About this exercise: Your task is to retype every entry exactly while omitting the pictures.

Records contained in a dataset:
········
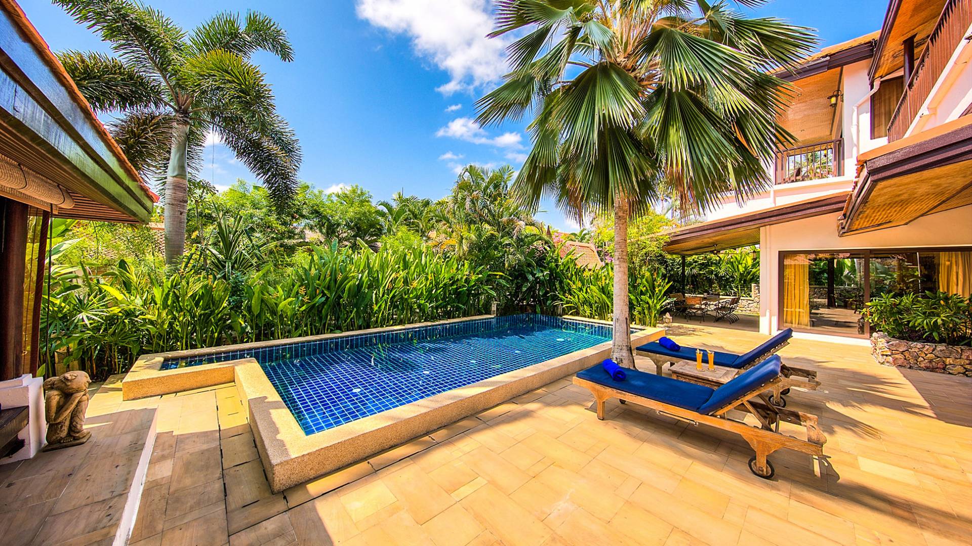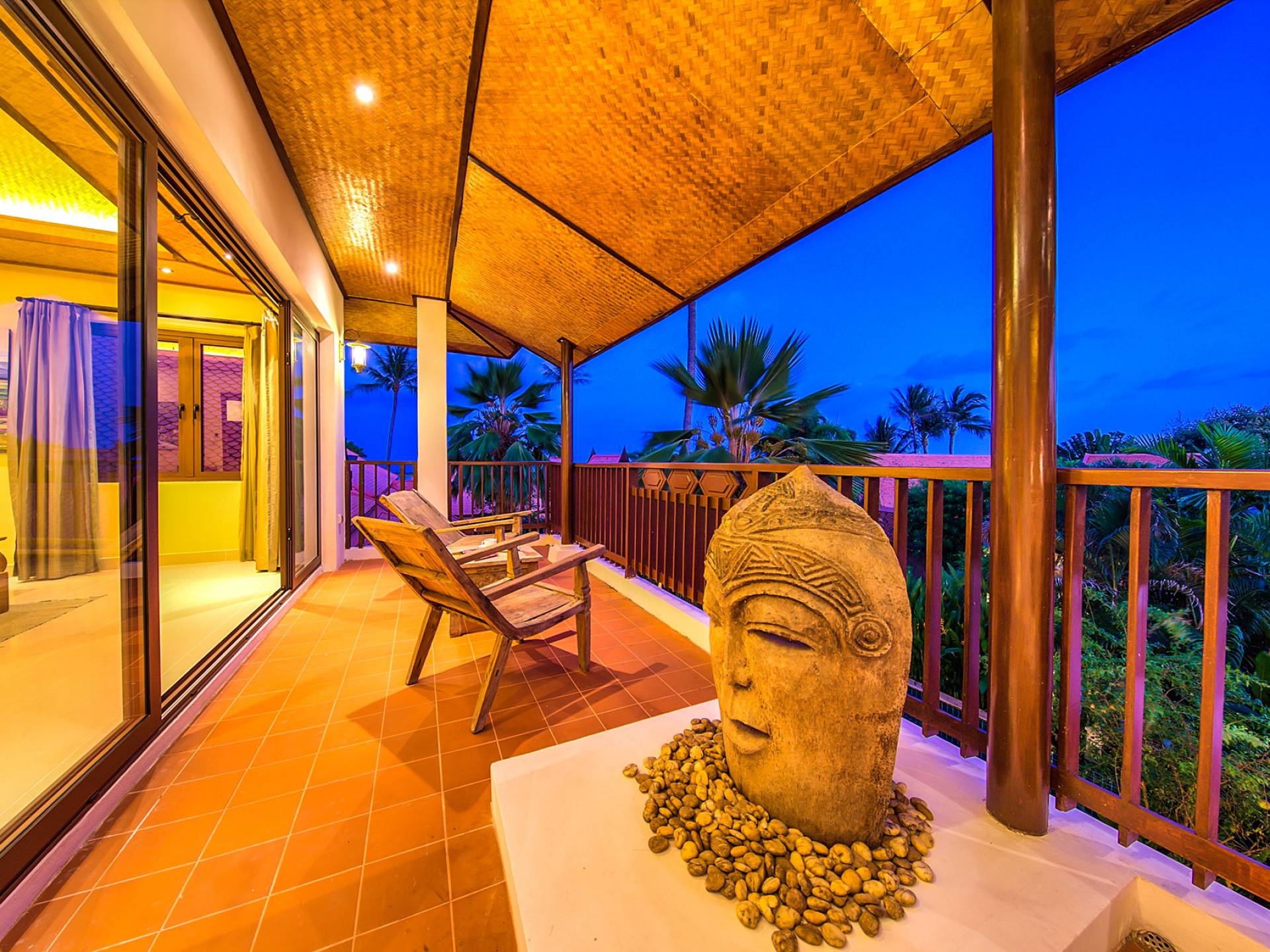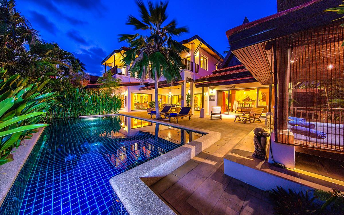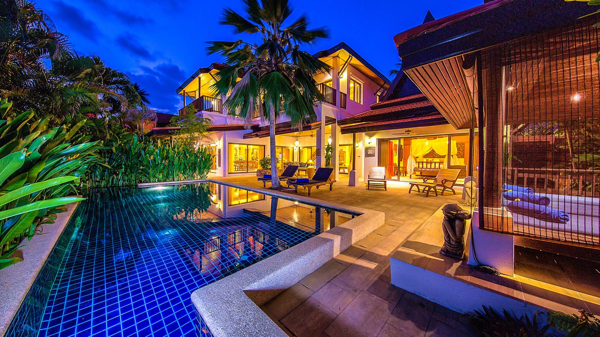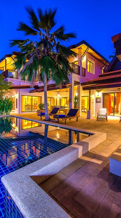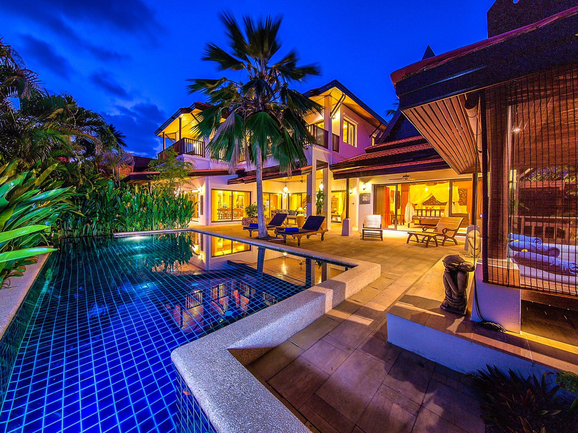 Villa Baan Buaa Samui è una lussuosa villa fronte mare in affitto con 3 camere da letto che può ospitare comodamente 6 adulti. Ci sono 3 camere matrimoniali e una culla che può essere fornita anche su richiesta e soggetta a disponibilità. Questa villa in affitto sulla spiaggia comprende un edificio principale di 2 piani e un edificio separato per gli ospiti adiacente. E' splendidamente arredato con molti pezzi d'antiquariato e riccamente decorato per riflettere l'architettura tailandese/balinese. Baan Buena è stato progettato per riflettere la vita tropicale interna ed esterna e offre un ambiente tranquillo e lussuoso per la tua vacanza sull'isola tropicale a Samui. La villa si trova a pochi passi dalla sabbia bianca di Nahai Beach e offre viste sul mare e sulla spiaggia dalle camere da letto e dai balconi al piano superiore.
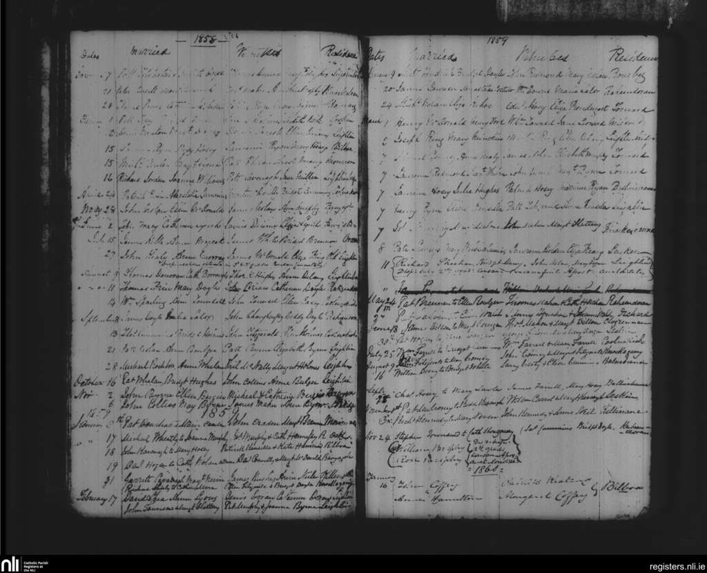 Leighlinbridge; County of Carlow, Laois; Diocese of Kildare and Leighlin. Marriages, Jan. 1858 to Jan. 1860
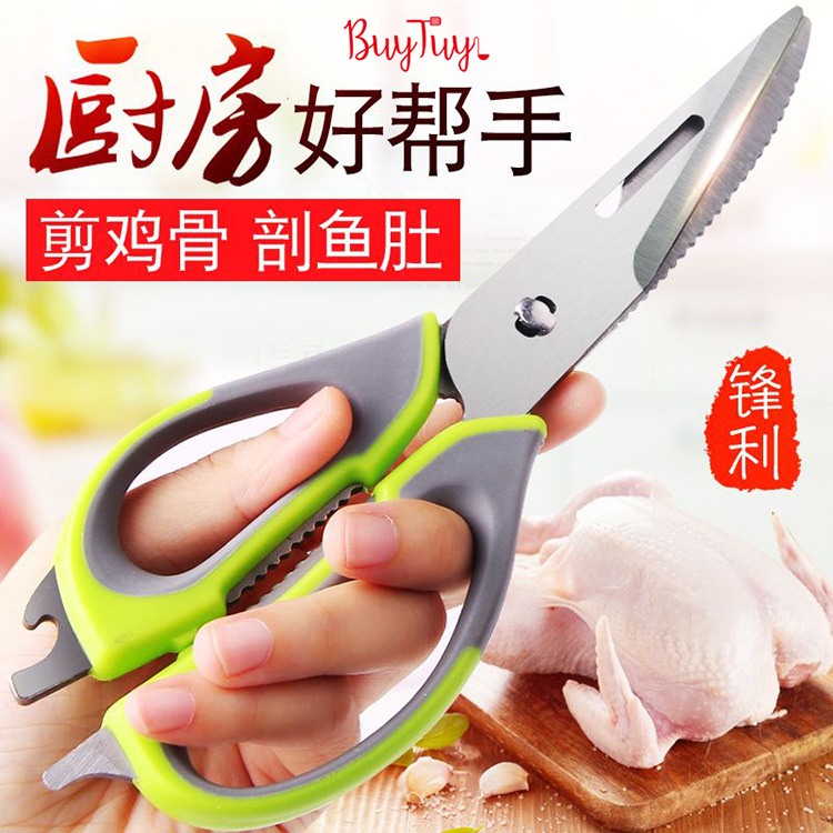 Kitchen household stainless steel scissors powerful chicken bone cut fish cut multi-functional sharp food refrigerator cut
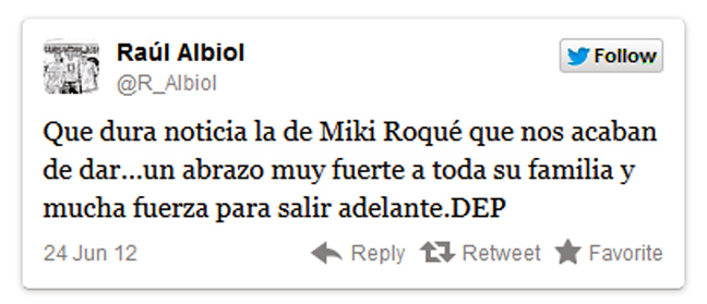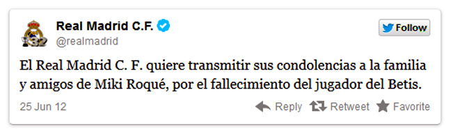 «Η διοίκηση της Ρεάλ Μαδρίτης θέλει να εκφράσει τα συλλυπητήριά της στην οικογένεια και τους φίλους του Μίκι Ροκέ, σχετικά με τον θάνατο του παίκτη της Μπέτις»
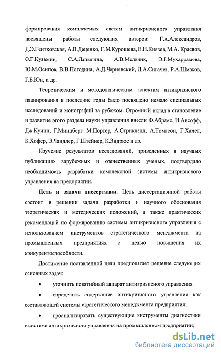 Цель и задачи диссертации. Цель диссертационной работы состоит в решении задачи разработки и научного обоснования теоретических и методических положений, а также практических рекомендаций по формированию системы антикризисного управления с использованием инструментов стратегического менеджмента на промышленных предприятиях с целью повышения их конкурентоспособности.
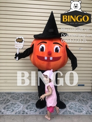 Mascot trái bí ngô với bộ màu da cam rực rỡ, còn lại là màu đen huyền bí tăng thêm phần kinh dị trong buổi lễ hóa trang. Kèm mũ phù thủy cá tính, bạn có thể sử dụng thêm các trang phục hóa trang khác để thêm phần sinh động cho buổi hóa trang của mình và tăng hiệu ứng đám đông hơn để tiếp cận khách hàng tốt hơn.
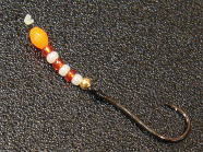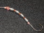 ● 蛍光オレンジシモリ玉5mm ×2 → ピーコック丸ビーズ小 → 針
········
Result for this task:
 Villa Baan Buaa Samui è una lussuosa villa fronte mare in affitto con 3 camere da letto che può ospitare comodamente 6 adulti. Ci sono 3 camere matrimoniali e una culla che può essere fornita anche su richiesta e soggetta a disponibilità. Questa villa in affitto sulla spiaggia comprende un edificio principale di 2 piani e un edificio separato per gli ospiti adiacente. E' splendidamente arredato con molti pezzi d'antiquariato e riccamente decorato per riflettere l'architettura tailandese/balinese. Baan Buena è stato progettato per riflettere la vita tropicale interna ed esterna e offre un ambiente tranquillo e lussuoso per la tua vacanza sull'isola tropicale a Samui. La villa si trova a pochi passi dalla sabbia bianca di Nahai Beach e offre viste sul mare e sulla spiaggia dalle camere da letto e dai balconi al piano superiore.
 Leighlinbridge; County of Carlow, Laois; Diocese of Kildare and Leighlin. Marriages, Jan. 1858 to Jan. 1860
 Kitchen household stainless steel scissors powerful chicken bone cut fish cut multi-functional sharp food refrigerator cut
 «Η διοίκηση της Ρεάλ Μαδρίτης θέλει να εκφράσει τα συλλυπητήριά της στην οικογένεια και τους φίλους του Μίκι Ροκέ, σχετικά με τον θάνατο του παίκτη της Μπέτις»
 Цель и задачи диссертации. Цель диссертационной работы состоит в решении задачи разработки и научного обоснования теоретических и методических положений, а также практических рекомендаций по формированию системы антикризисного управления с использованием инструментов стратегического менеджмента на промышленных предприятиях с целью повышения их конкурентоспособности.
 Mascot trái bí ngô với bộ màu da cam rực rỡ, còn lại là màu đen huyền bí tăng thêm phần kinh dị trong buổi lễ hóa trang. Kèm mũ phù thủy cá tính, bạn có thể sử dụng thêm các trang phục hóa trang khác để thêm phần sinh động cho buổi hóa trang của mình và tăng hiệu ứng đám đông hơn để tiếp cận khách hàng tốt hơn.
 ● 蛍光オレンジシモリ玉5mm ×2 → ピーコック丸ビーズ小 → 針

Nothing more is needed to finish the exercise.